Sunday, June 15, 2014

Making a Career with my Words

Usually when I assess my career goals I end up with the same goal: I want to make a career with my words. There is something exciting about manipulating words on the page (or screen) that I love. The more people I talk to people who make a living writing, the more possible my dreams become.

I find my research as a student often leads into research in life. My interest in interviews as a medium for crafting the Slave Narratives and as a source for gathering information complements my interests in crafting narratives through interviews in my career. It's only natural that my interest in words would mingle old traditions with newer ones and lead me to want to use my voice both on the page and on the mic. 

Which came first?

When I was a teenager, my friend Alicia and I decided we were going to be rappers. We didn't say we wanted to try to be rappers, just that we were going to be rappers. Our manager was a good friend, Peace. She didn't know much about the music industry but Peace is a natural advocate. If there was any negotiation involved, we needed her on our side. 

We found a studio in Philadelphia and when we rehearsed our lines, we went to make a demo. 

"What track is this going to?"The engineer asked.

It turns out we weren't prepared. We thought it was his job to find out about music, copyrights and anything else we needed to know. 

He popped in some generic music and we put rhyme to beat. In the almost 20 years since making that demo I've listened to it probably once. 

One day we decided we were no longer rappers.

Since then I have worked as an accidental professional voice-over artist and now I want to do it on purpose.  Crafting a career with my words can include on the page and on the mic. A few weeks ago I went to a studio to make a professional demo. Before arriving the producer asked me to find four types of scripts and to practice them. I went to the studio much more prepared than I did in the past and so far, I've listened to the demo three times. Now to send it out.
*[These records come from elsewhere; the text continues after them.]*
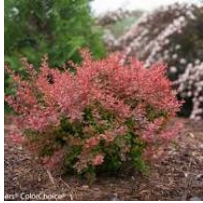
Barberry has great fall color

Conserve water with drought tolerant plants. Xeriscape gardening is beautiful and cost effective. Here are a few shrubs and trees that need little water once established.
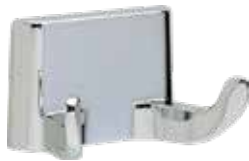
Double Robe Hook
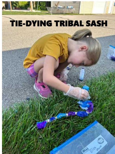
TIE-DYING TRIBAL SASH

Waterford hosted 29 children last week for Bible School. Designed to give children a glimpse of life during the time of Jesus, the activities included worship, drama, and outdoor "market" stalls, complete with Roman soldiers!
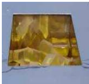
Compound cut into pieces
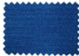
RW-172 Blue (Shown)
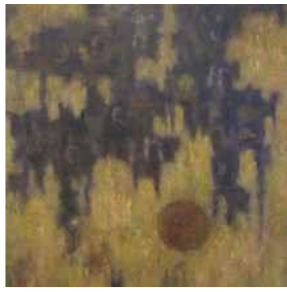
Fred Berman, "Falling Sun IV",1959, oil on linen, detail 55 x 42
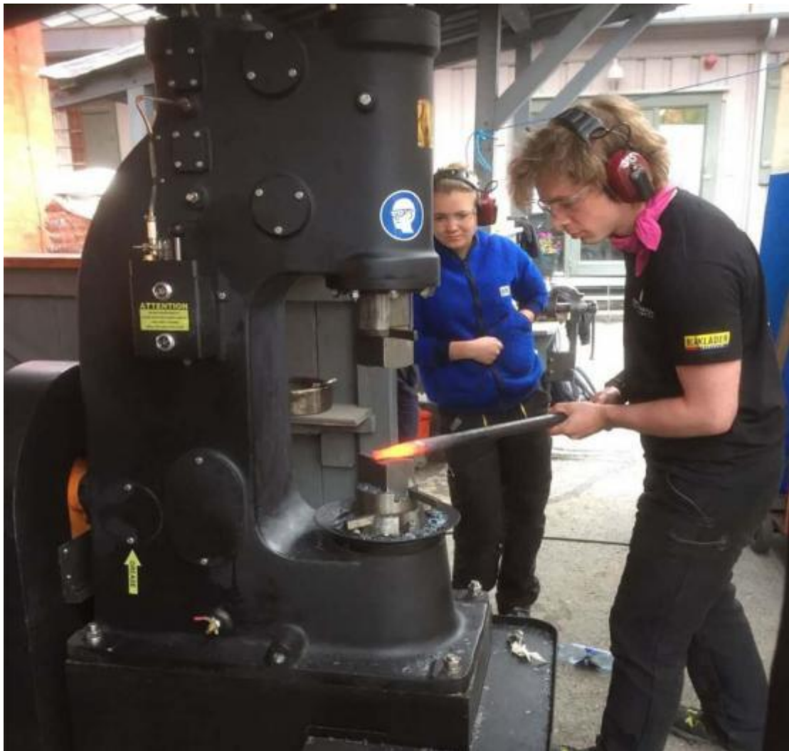
25kg hammer in Norway Customer Shop

Want to listen? Here it is courtesy of VoiceOvers-UK

Thursday, June 12, 2014

My TEDx Tips: What I Learned in My TEDx Talk


A few months ago, I was nominated to give a TEDx talk at Lancaster University.   I had watched TED speakers engage, entertain and enlighten audiences for years. The opportunity to present a talk on a platform I admired was as exciting as I imagine it will be to be listed on the New York Times Best Seller’s list.

 It wasn’t until my nomination was approved and I was offered the opportunity to speak that my excitement turned in to something as close to panic as I get.

What would I talk about?

While I was pursuing my Master’s at Johns Hopkins I attended a class in Florence, Italy.  I was writing a novel at the time. The novel was problematic. There were three main characters in varying degrees of relationships with one another. The complication as I saw it was that none of the characters wanted to be in a relationship. The complication according to Professor Perlman was that all of the characters were me.

He didn’t say that.

“Who are the main characters?” he asked. “And what does she want?”
If my life is my story and I’m the main character, what do I want?
Plotting my life reminds me to look for solutions to obstacles; that I have goals, and that the supporting characters in my life have motivations other than mine; it helps me to recognize and create opportunities; to forgive myself and others and to appreciate the beauty in revising.
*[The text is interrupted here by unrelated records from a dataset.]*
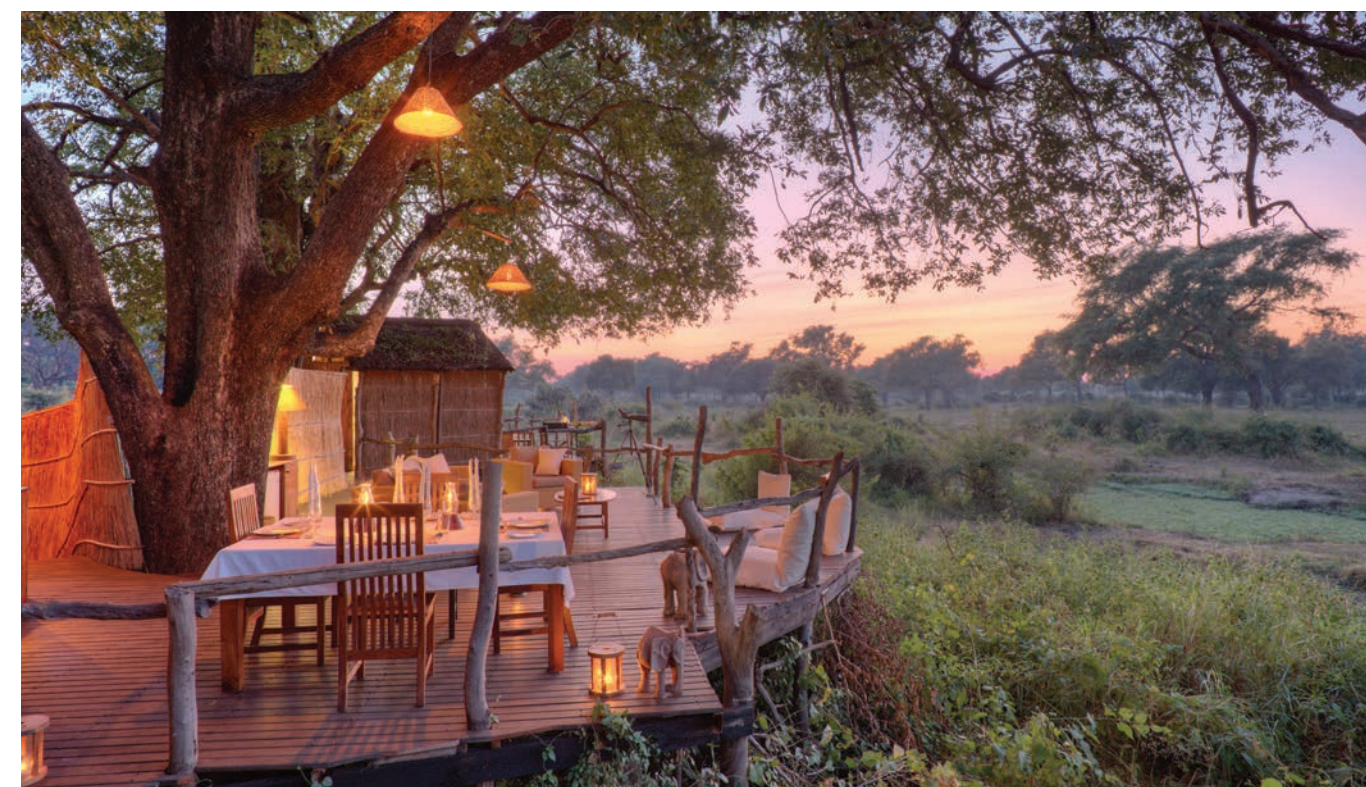
ABOVE: The stunning Jackalberry Treehouse at Flatdogs Camp is rustic, romantic and right on the edge of a lagoon, offering a front-row seat to incredible wildlife from its beautiful deck. OPPOSITE [CLOCKWISE FROM TOP] The luxury safari tents at Time + Tide Chinzombo are located on the banks of the Luangwa River, where honking hippos provide the glorious soundtrack; Boating safaris let you view wildlife from a totally different perspective; Zambia is a paradise for birdwatchers.
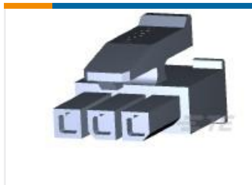
TE Part #1445022-3 MICRO MNL RFECEPT HSG SINGLE R
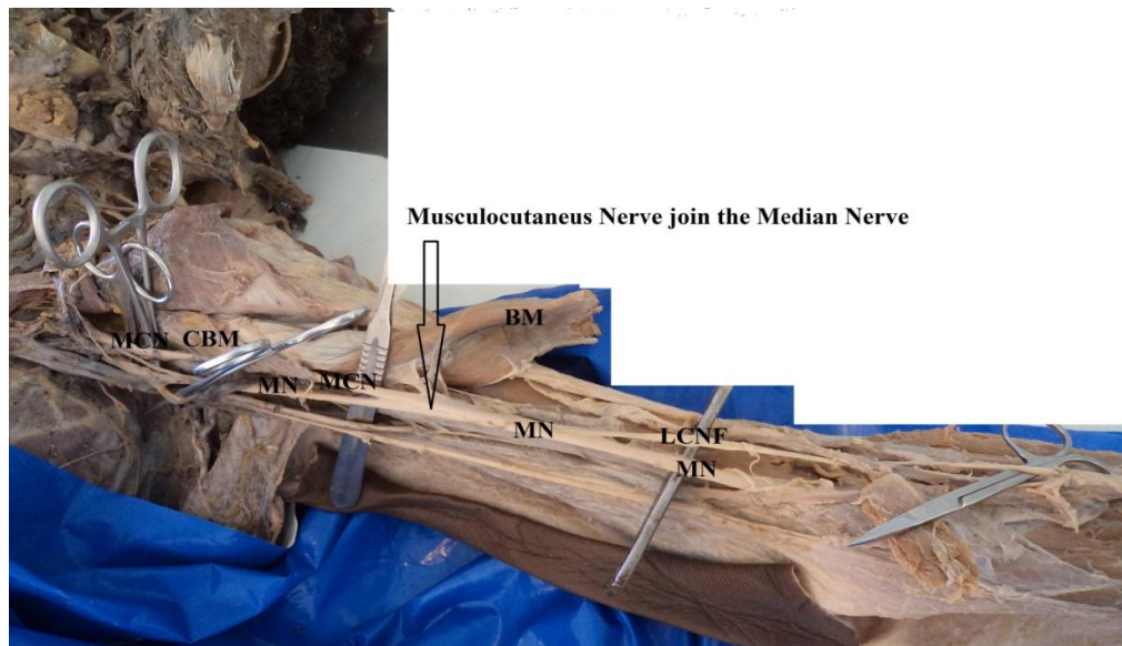
Fig. 1. Cadaver (1) shows a variation that the left musculocutaneous nerve (MCN) has join the median nerve (MN) at the upper part of the arm, after the MCN piercing the coracobrachialis (CBM) under cover of the biceps brachii (BM). The lateral cutaneous nerve of the forearm (LCNF) present as a branch from median nerve

How could I motivate and inspire others to be the main characters in their own lives?
Before I created an outline of the points I wanted to touch on, I spoke my talk out loud. Picturing my audience as I spoke reminded me to inflect, make eye contact and use body language. But at first my view of my audience was too large. I pictured an audience of people I didn’t know, mixed with people I did: coworkers, colleagues and family. My imaginary auditorium was filled with faces with different expectations. Would I say something that could embarrass my mother?

My talk was personal. Were there things in my story that would reflect negatively on other characters in my life? I kept practicing. I plucked familiar faces from my mind and when I practiced I talked to an audience of people who didn’t know me. Picturing a room full of strangers allowed me to share the idea and passion I wanted to share.


If you spend too much time worrying about what people who aren’t there will think, you’ll miss out on sharing valuable ideas with people who are.